Settlement is the crown jewel of Israel’s occupation policy and the best barometer of its intentions. Over close to half a century and in the teeth of unremitting but ineffective international and Arab opposition, Israel has presided over a demographic revolution in the West Bank, transferring more than half a million Israelis to areas captured in the 1967 conflict.
From the beginning, to minimize its costs, Israel has sought Palestinian partners who are capable of exercising effective governance in those areas Israel chooses to rule indirectly. Since 1967, Israel has had varying degrees of success in maintaining such partnerships. For example, Israel’s first interlocutors were the mayors it inherited from Jordanian rule. The mayors were followed by the ineffective village leagues of the 1980s, which led to the first intifada. This crisis was resolved only when the Palestine Liberation Organization, the recognized representative of the Palestinian national movement, agreed in the Oslo Accord to limited autonomy on Israel’s terms.

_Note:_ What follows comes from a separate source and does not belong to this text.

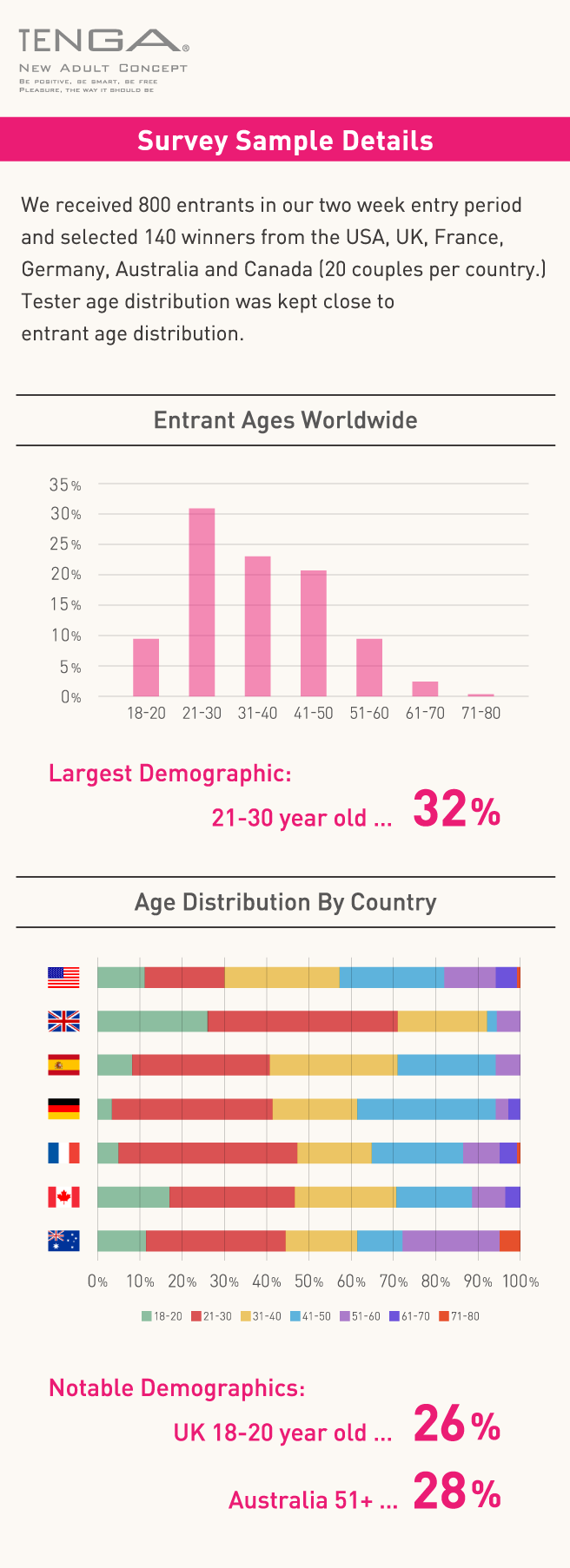 We received a total of 800 entrants in our two week entry period, with 140 winners chosen from the USA, UK, France, Germany, Spain, Australia and Canada (20 couples per country.) We aimed to keep the demographics of our testers close to the age distribution of the original 800 entrants.

Each of these models necessarily exhausted itself, succumbing to the crippling responsibility of serving incompatible Israeli and Palestinian interests. The Palestinian Authority is merely the latest of these experiments.

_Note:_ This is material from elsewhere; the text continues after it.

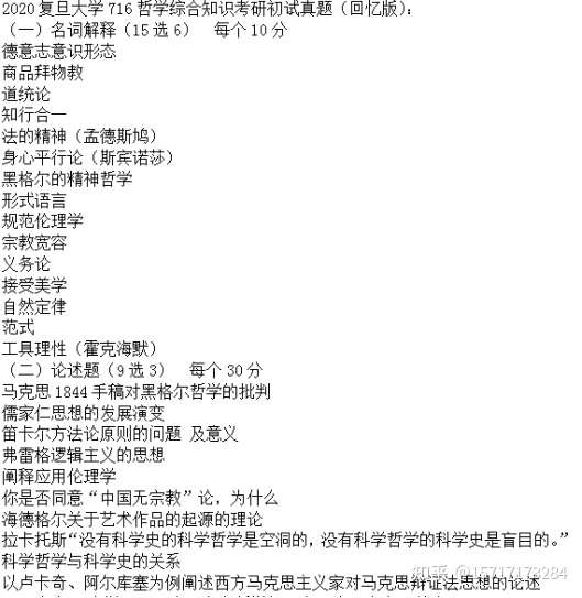 2020复旦大学825中国哲学史考研初试真题(回忆版)

Israel’s policy of creating facts on the ground to further its control has always been a national enterprise. But it is also true that every diplomatic initiative — from the Roger’s Plan in 1969 to the latest effort of Secretary of State John Kerry — has failed to challenge the consolidation of occupation. Oslo was not the exception to this rule, but rather its best, most effective example.
The Gaza Strip stands out as the most significant arena where Israel’s interest in ruling forever was successfully confronted. Only in Gaza has Israel made the decision to withdraw and evacuate both settlers and troops and to restore a semblance of the pre-1967 territorial status quo by withdrawing to relatively secure and recognized borders. It is one of many ironies that this — Israel’s most significant territorial concession in Palestine — owed nothing to international diplomatic effort or to negotiations on the Oslo model.
As for the Obama administration, it has failed to achieve progress on any of these fronts. Such is the sorry legacy that it will bequeath to its successor.